The way to success in the days of reconstruction lies

neither with the paralyzing pessimist or selfish reactionary who feels that we must always follow the errors of the past, nor with the Bolshevist, nor with the planless optimist who believes that the new order of things will just happen. It lies with those who, giving full weight to the background of the war and holding firmly to the ideals of democracy, plan with insight and work out to its minutest detail the constructive programme of a permanent peace.

In the work of rebuilding the world the American nation has a unique and important part. We entered the war in the spirit neither of conquest nor even of revenge. We saw the world menaced by a power which, if successful, would destroy all that this country has stood for. We were willing to give without stint in order that national and international justice might prevail and that there might be established in the world the democratic principle in political and commercial affairs. We felt a common interest with the peoples of Italy, France, Belgium, Great Britain, and the self-governing British dominions in their long and bitter struggle against the military powers of Central Europe. We felt that they were fighting our battles. However varied the individual aims of the nations engaged in the great struggle, undoubted evidence that our past and future were bound up with theirs led us inevitably to cast our lot with them. Our armed forces on the sea and at Château Thierry, St. Mihiel, and along the Meuse translated American vigor and enthusiasm into war. They went into the war without a selfish motive. They faced a hard task in the spirit of sacrifice. They were willing, if need be, to lay down their lives, as so many of the brave Allied troops had done, in order that the world.
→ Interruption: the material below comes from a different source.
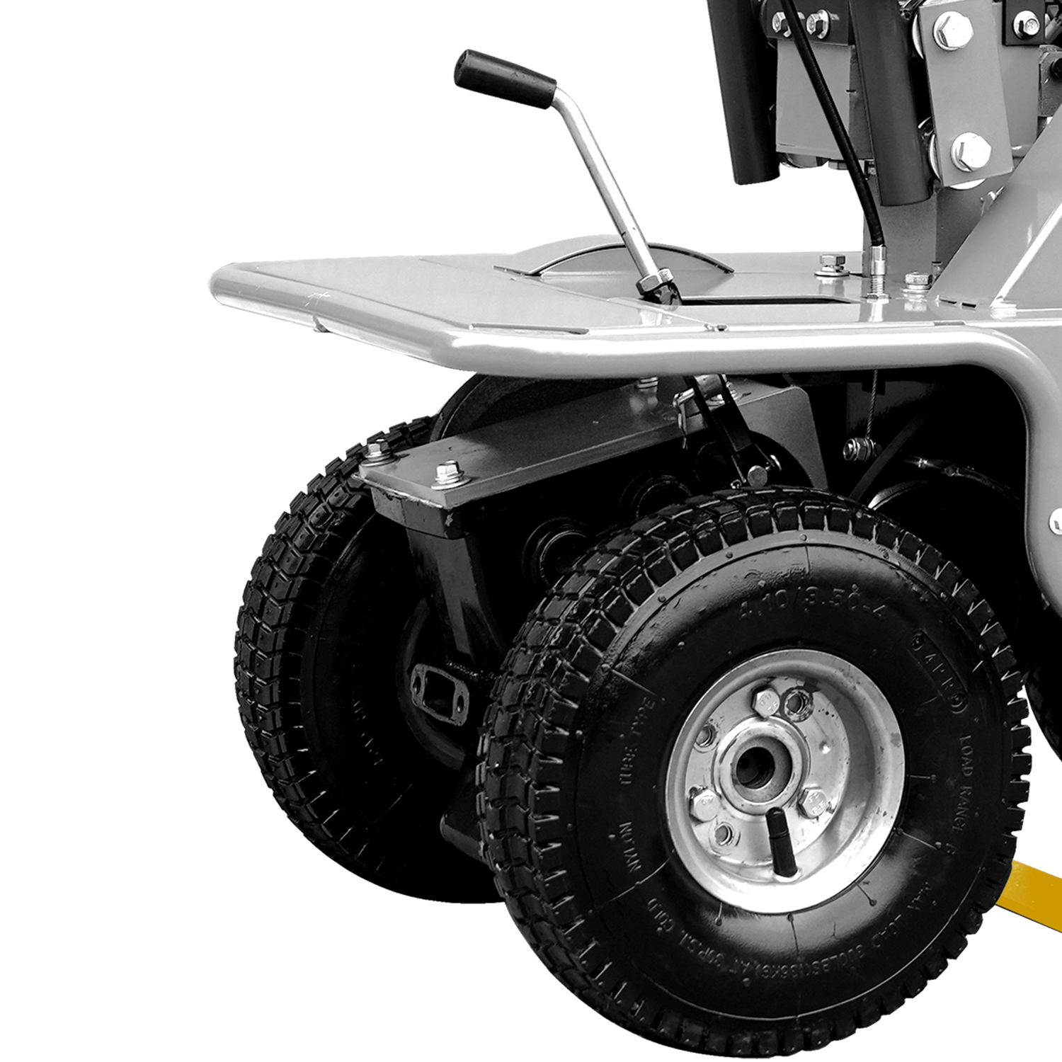 Um dem Bediener noch mehr Sicherheit zu geben, arbeitet der Antrieb der Messer nur in Schneidrichtung. Die Maschine ist mit breite Luftreifen ausgestattet um auch im nassen Gras eine hohe Traktion aufbauen zu können.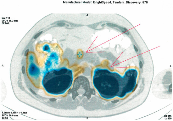 During hospitalization in the NMRCE, we conducted a fasting test. Hypoglycemia (glucose level less than 3 mmol/L) began to be recorded with a glucometer on the second day, but since the level of glycemia was more than 2.2 mmol/L and there were no symptoms (except for the usual weakness), the test continued. Hypoglycemia and neuroglycopenic symptoms were registered only at the end of the test, which lasted 51 h: hyperinsulinemic hypoglycemia was detected (glucose, 38.7 mg/dL (2.15 mmol/L), insulin, 12.97 μIU/mL, C-peptide, 2.03 ng/mL, β-hydroxybutyrate, less than 2.7 mmol/L, substances of oral hypoglycemic drugs, not found). A glucagon test was performed, and the increase in the level of glycemia was less than 1.4 mmol/L. The levels of serum chromogranin A, synaptophysin and antibodies against insulin were within the normal range. Continuous glucose monitoring in the interstitial fluid after fasting showed fluctuations from 61.2 to 329.7 mg/dL (3.4 to 18.3 mmol/L) (Figure 1), but no other criteria indicative of DM were identified. An oral glucose tolerance test was performed with the following results: fasting glucose, 5.95 mmol/L, and 2 h after loading, 6.79 mmol/L; HbA1c 5.5%; HOMA-IR 10. A CT scan of the abdominal organs with contrast confirmed the presence of pancreatic masses (six in total: four cystic, and two solid up to 36 mm—the largest one in the distal part of the tail). The patient underwent selective arterial calcium stimulation with hepatic venous sampling: the release of insulin was approximately the same from all parts of the pancreas. Scintigraphy with octreotide was performed: two foci with overexpression of somatostatin receptors were found in the distal part of the tail of the pancreas (Figure 2). The patient refused a biopsy of the pancreatic tumors.

might be redeemed. Now that their work is so nobly accomplished, we should not fail to carry on in the same spirit of devotion the work of healing the wounds of the nations. Vindictiveness, punishment, and national selfishness, if allowed to govern in the readjustments, will return in future generations to plague the world. The reactionary statesmanship of Metternich was triumphant at the Congress of Vienna, but only temporarily, for it forced the peoples of Europe into revolution. Germany in 1871 took from France the provinces of Alsace and Lorraine and thereby made reconciliation impossible. Our own Civil War was followed by an illiberal and irrational reconstruction which fills some of the darkest pages of American history. History has many other warnings to those on whom the direction of national and international policies rest. The world will have no gains to offset the losses of the war if the Allies content themselves with destroying Germany's militarism and national power and at the same time merely build up their own. That procedure will change the pawns in the game, but not the game. Unless the spirit of sacrifice guides the councils of the Allies in the constructive work before them, we may expect the world to drift back into the evils of international anarchy. Unless the world view of affairs in some degree softens the exclusive national views of some of the leaders of the nations, the men who have laid down their lives in the cause of better things will have died in vain.

The task before national legislatures and diplomats of defining our ideals and converting them into laws and treaties is a task quite as essential as and infinitely more difficult than the raising of armies and the building of navies. The days immediately before us are critical.